----- Dataset content

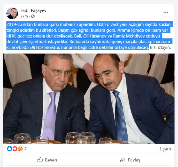 Gazeteci Fadıl Paşayev, yıllar önce bazı kişilere karşı verdiği mücadeleyi Facebook hesabından şöyle yazdı: "2019'dan beri onlarla mücadele ediyorum. O zamanlar bile, yeni açtığım web sitesinde bu kişileri sert bir şekilde eleştiriyor, çok acı çekiyordum. Ama er ya da geç 'dur' deneceğine inanıyordum. Evet, Ali Hasanov ve Ramiz Mehdiyev çifti darbe yapmak istiyordu."
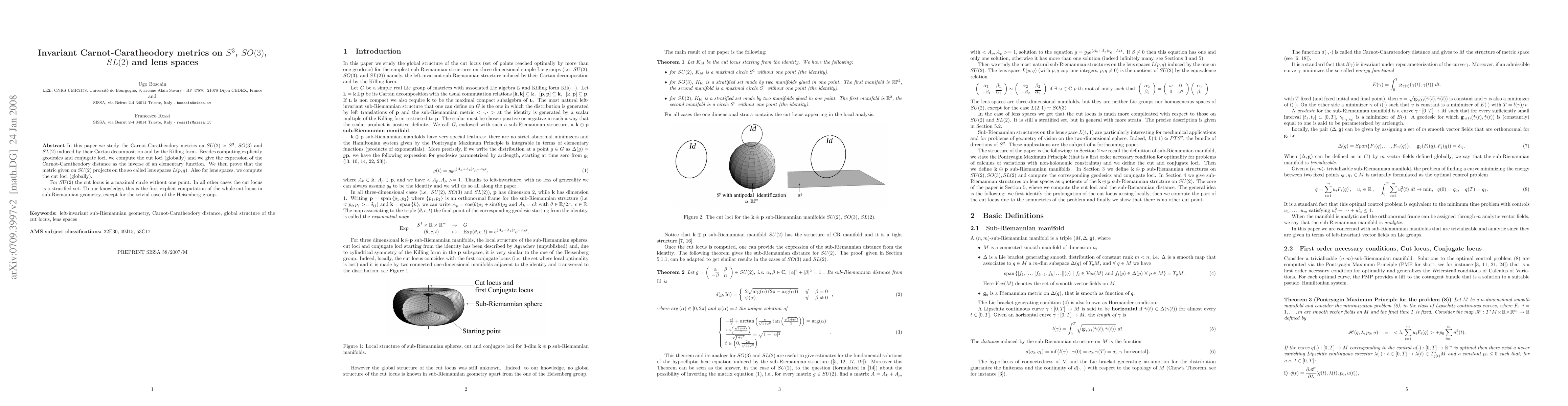 This paper investigates invariant Carnot-Caratheodory metrics on $S^3$, $SO(3)$, $SL(2)$, and lens spaces, deriving explicit geodesics and cut loci. It reveals that the $SU(2)$ metric projects onto lens spaces and provides the first comprehensive global computation of cut loci in sub-Riemannian geometry beyond the Heisenberg group.
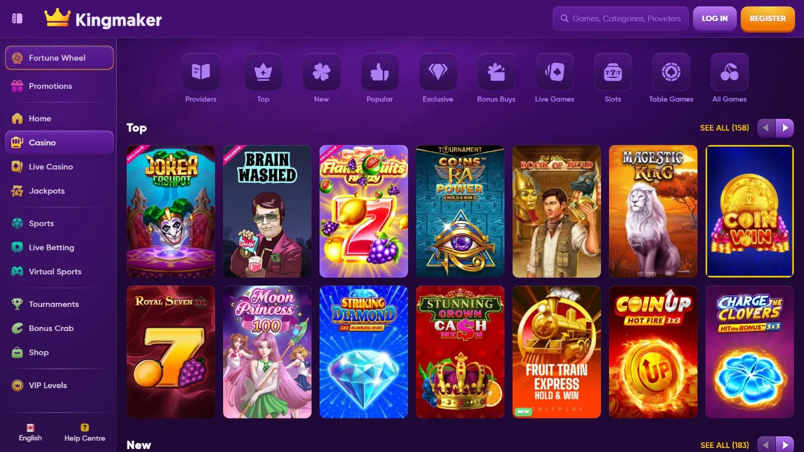 Kingmaker Casino Games and Providers

----------

▶ Description of the task: Only the pictures are to be left out; copy all the remaining material above exactly.

▶ Solved exercise:
 Gazeteci Fadıl Paşayev, yıllar önce bazı kişilere karşı verdiği mücadeleyi Facebook hesabından şöyle yazdı: "2019'dan beri onlarla mücadele ediyorum. O zamanlar bile, yeni açtığım web sitesinde bu kişileri sert bir şekilde eleştiriyor, çok acı çekiyordum. Ama er ya da geç 'dur' deneceğine inanıyordum. Evet, Ali Hasanov ve Ramiz Mehdiyev çifti darbe yapmak istiyordu."
 This paper investigates invariant Carnot-Caratheodory metrics on $S^3$, $SO(3)$, $SL(2)$, and lens spaces, deriving explicit geodesics and cut loci. It reveals that the $SU(2)$ metric projects onto lens spaces and provides the first comprehensive global computation of cut loci in sub-Riemannian geometry beyond the Heisenberg group.
 Kingmaker Casino Games and Providers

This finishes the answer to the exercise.